Molte volte mi sono interrogata sul contrasto stridente
fra questo giudizio e l'invito della grazia di Dio. Certo
in primo luogo qui viene in evidenza il fatto che la grazia
non viene rivolta con indifferenza alle persone: il padrone
di casa porge attenzione a tutti coloro che sono entrati
nella sua casa. La grazia non è "a buon mercato",
richiede un coinvolgimento profondo, proprio come l'amore
che si sviluppa fecondo solo quando viene scambiato.
In tutte le tradizioni religiose si insiste sulla necessità
di prepararsi all'incontro con Dio, sulla necessità
di lavorare sulla propria anima. Questa spinta ad un certo
rigore nella preghiera e nella crescita interiore sembra
oggi persa.

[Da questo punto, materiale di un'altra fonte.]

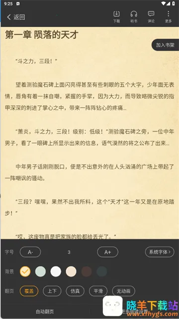 3、便捷功能设计:提供夜间模式、自动翻页等人性化功能,适配不同场景阅读习惯。支持小说离线缓存,无网络时也能阅读,书架功能方便收藏管理书籍,同步阅读进度。
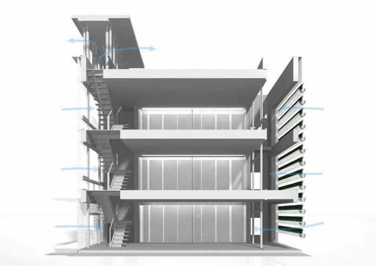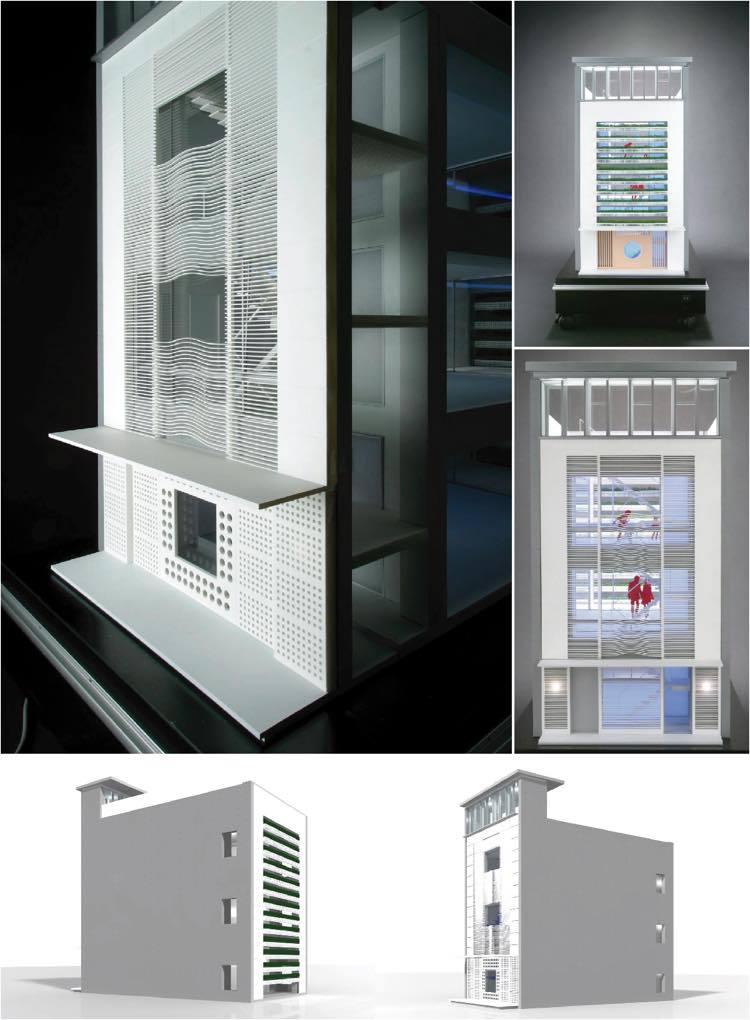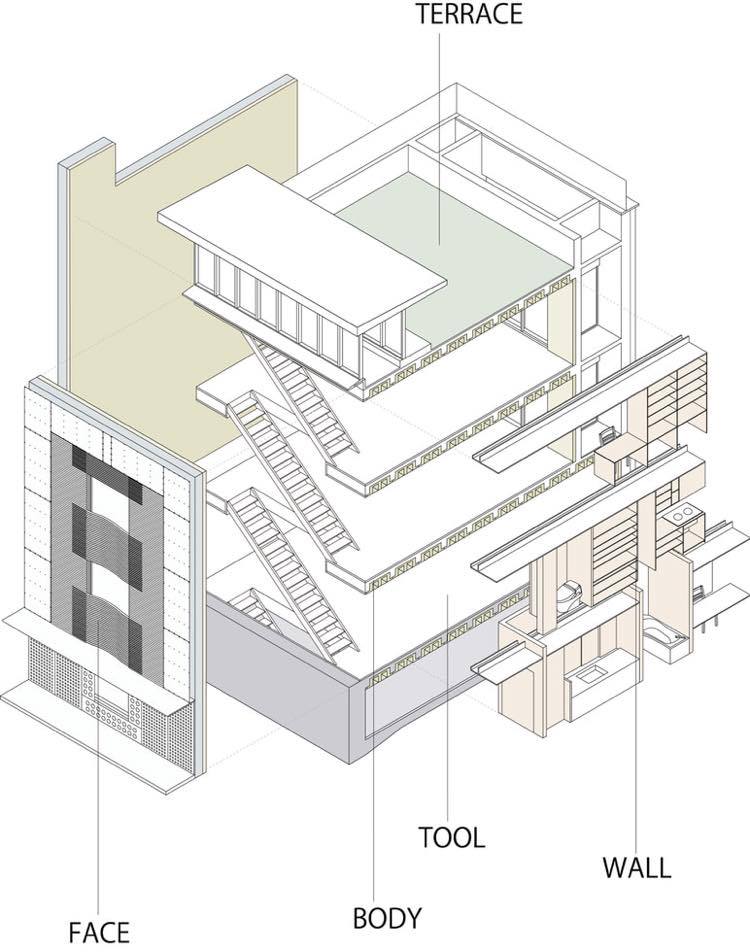 三方を3 階建て以上の建物に囲われるような、都市密度の高い場所に建つこの建築は前面道路からの通風を捉え夏と冬の空気の流れを制御し快適性に寄与します。また塔屋は、階段やPS、エレベーターシャフトも内包します。

Questa parabola ci ricorda che è necessario
lavorare su di sé, anche quando si è invitati,
anche quando si è già dentro la sala del banchetto,
anche quando ci hanno detto e ridetto che l'amore di Dio
è gratuito e universale: perché certo lo è,
come l'espressione d'amore di una madre o un padre verso
la sua creatura piccola, ma anche la creatura risponde con
il suo amore all'amore di chi la culla.
Nell'India islamica del 1400 si sviluppa un'arte poetica
mistica che è legata al lavoro quotidiano femminile:
mentre fila o mentre macina il grano la donna respira ed
esprime la sua preghiera. Mentre fila, tesse l'abito di
nozze per la sua anima, mentre macina e cucina è
la sua stessa vita che viene manipolata e preparata per
accogliere Dio. Preghiere o canti ritmici legati al lavoro
erano in passato consuetudine anche nei nostri paesi: al
lavatoio, nelle risaie, alla filatura… La preghiera era
strettamente legata alla vita e alle fatiche quotidiane.
Oggi lo spazio della preghiera è uno spazio riservato,
sorgono oasi in cui fare ritiri spirituali di tutti i tipi,
ma la preghiera è ormai staccata dalla nostra esistenza.

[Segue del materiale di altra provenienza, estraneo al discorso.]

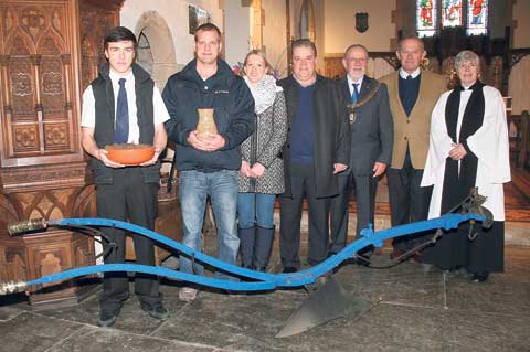 Lloyd Furse brought seed, Christina Long carried a bowl of soil and Ben Longhurst-Prior and Danny Cole brought an old-fashioned horse plough.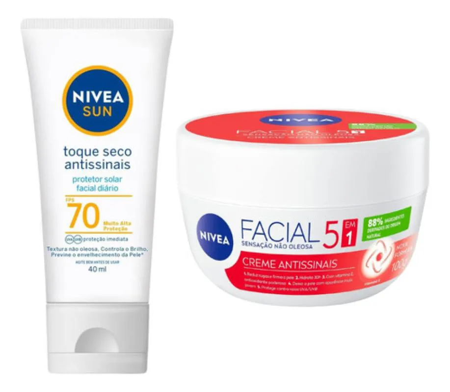 KIT NIVEA ANTISSINAIS PROTETOR SOLAR FPS70 40ML + CREME 100G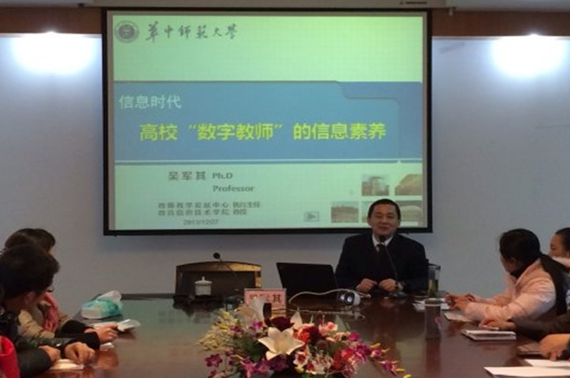 27日上午,来自华中师范大学的吴军其教授给参训教师作了题为“高校教师信息素养”的专题讲座。吴军其教授现为华中师范大学教师教学发展中心副主任,中心以教育信息化为特色,通过现代信息技术与学科教学的融入,吸纳了较多国外顶级大学的优秀教学方法和技术,并取得了突出的成绩。此次,吴军其教授的讲座以强化青年教师的信息意识、提升青年教师的信息技能为目的,对当前教育信息化的理解、培训、应用做了全面的汇报。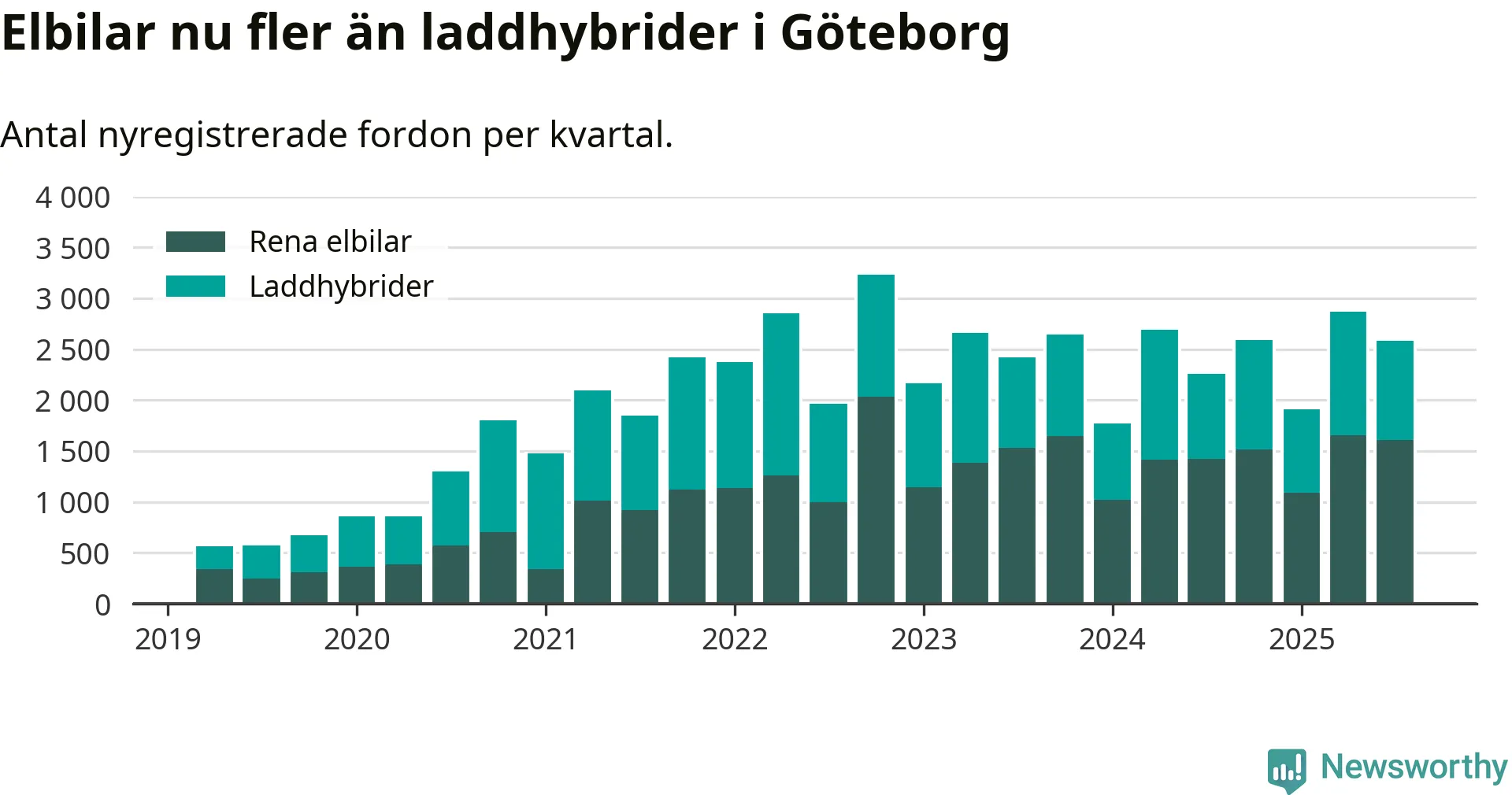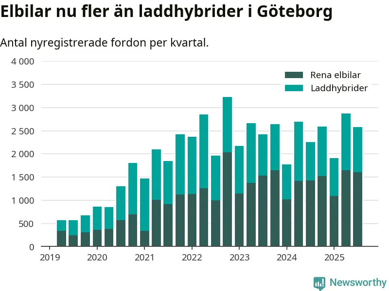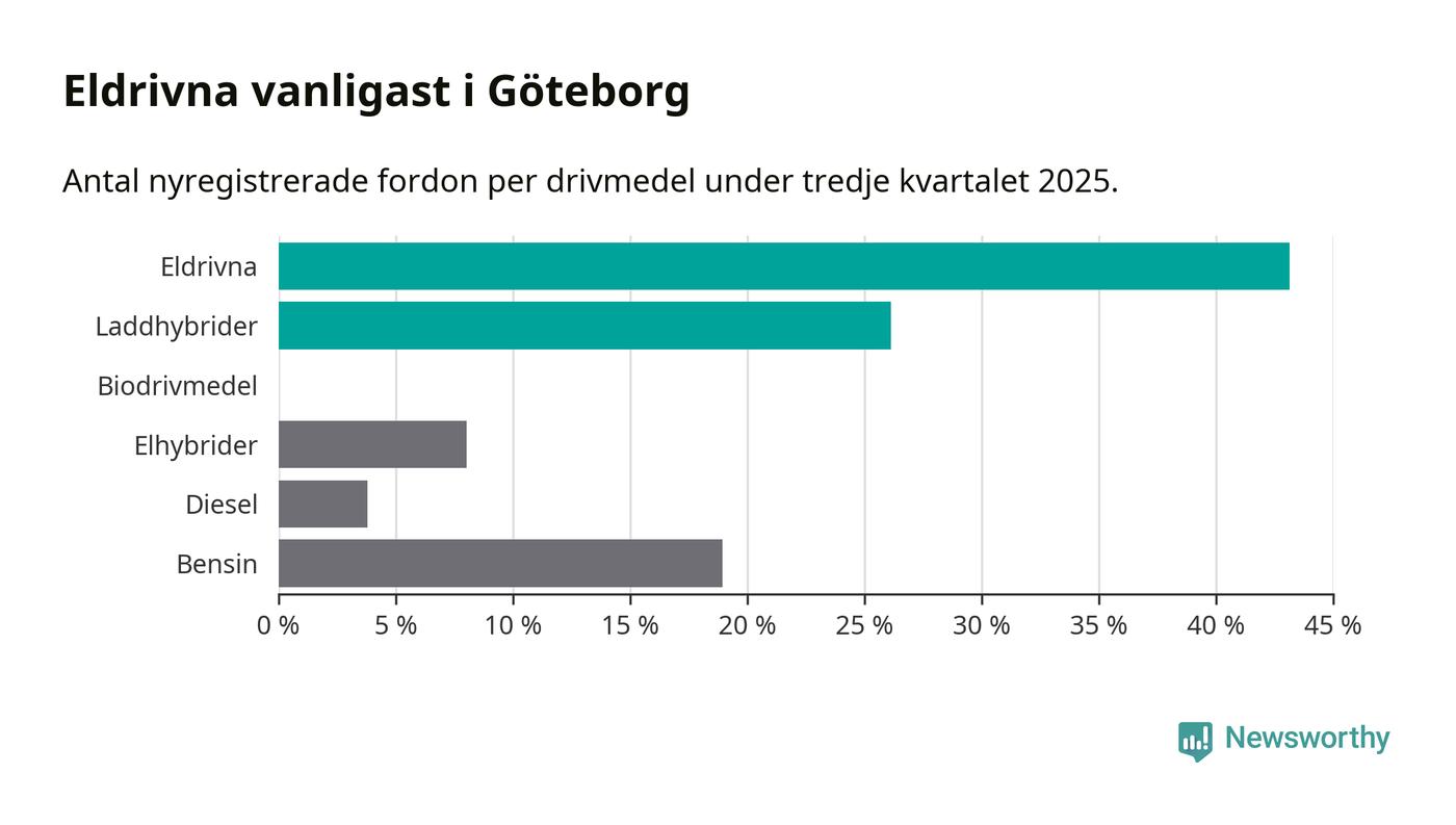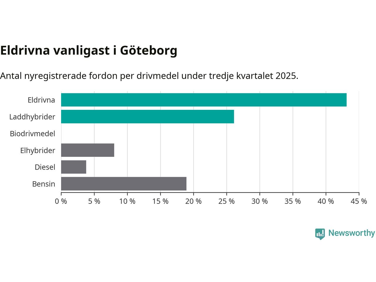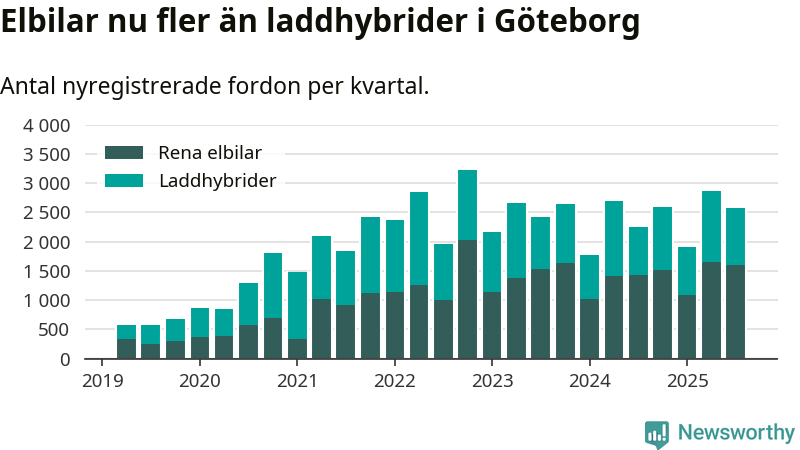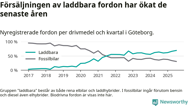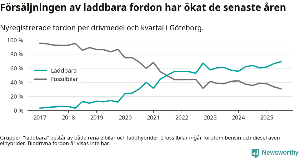 Under tredje kvartalet 2025 var 69 procent av alla nyregistrerade personbilar i Göteborg laddbara (sammanlagt registrerades 3 728 nya bilar). Merparten av de laddbara bilarna var rena elbilar (43 procent av alla).

Abbiamo perso la capacità di scorgere Dio nelle piccole
e fenomenali cose di ogni giorno. Abbiamo perso di vista
la necessità di preparare il nostro abito per le
nozze con Dio, di preparare i nostri cuori all'incontro
con il Dio della grazia. Forse ce lo immaginiamo come un
Dio bonaccione e un po' ingenuo, poco esigente. Gesù
ci invita invece a lasciarci coinvolgere dall'agire di Dio,
a preparare ciò che abbiamo di più prezioso,
a rispondere con gioia al suo amore. Perché la nostra
indifferenza verso Dio si tramuterà nella sua feroce
indifferenza verso di noi, mentre tutto l'amore che sapremo
ricevere e scambiare farà scaturire gioia dal nostro
incontro.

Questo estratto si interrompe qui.